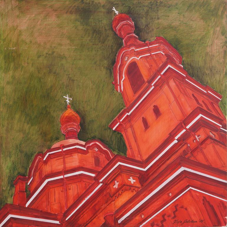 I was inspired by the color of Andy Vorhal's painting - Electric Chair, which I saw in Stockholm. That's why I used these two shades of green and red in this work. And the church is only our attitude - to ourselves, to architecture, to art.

==

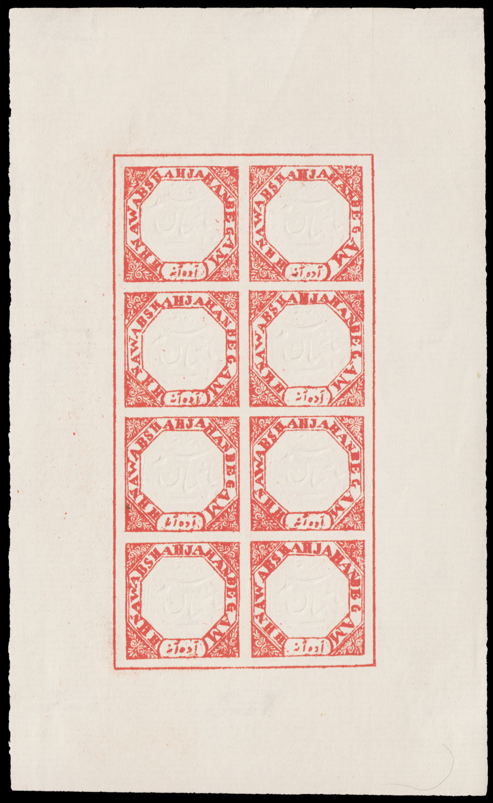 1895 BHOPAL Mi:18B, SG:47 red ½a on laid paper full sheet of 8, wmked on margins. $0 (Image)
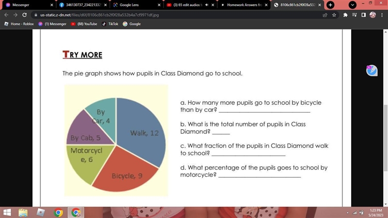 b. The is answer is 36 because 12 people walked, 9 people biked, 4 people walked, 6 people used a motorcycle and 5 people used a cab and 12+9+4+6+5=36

--

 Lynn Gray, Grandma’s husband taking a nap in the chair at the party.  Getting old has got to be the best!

* _Your instructions_
Give again, exactly as written above, each line from the one that has "1895 BHOPAL Mi:18B, SG:47" to the one that has "b. The is answer", both included; omit the pictures.

* _Output of the task_
 1895 BHOPAL Mi:18B, SG:47 red ½a on laid paper full sheet of 8, wmked on margins. $0 (Image)
 b. The is answer is 36 because 12 people walked, 9 people biked, 4 people walked, 6 people used a motorcycle and 5 people used a cab and 12+9+4+6+5=36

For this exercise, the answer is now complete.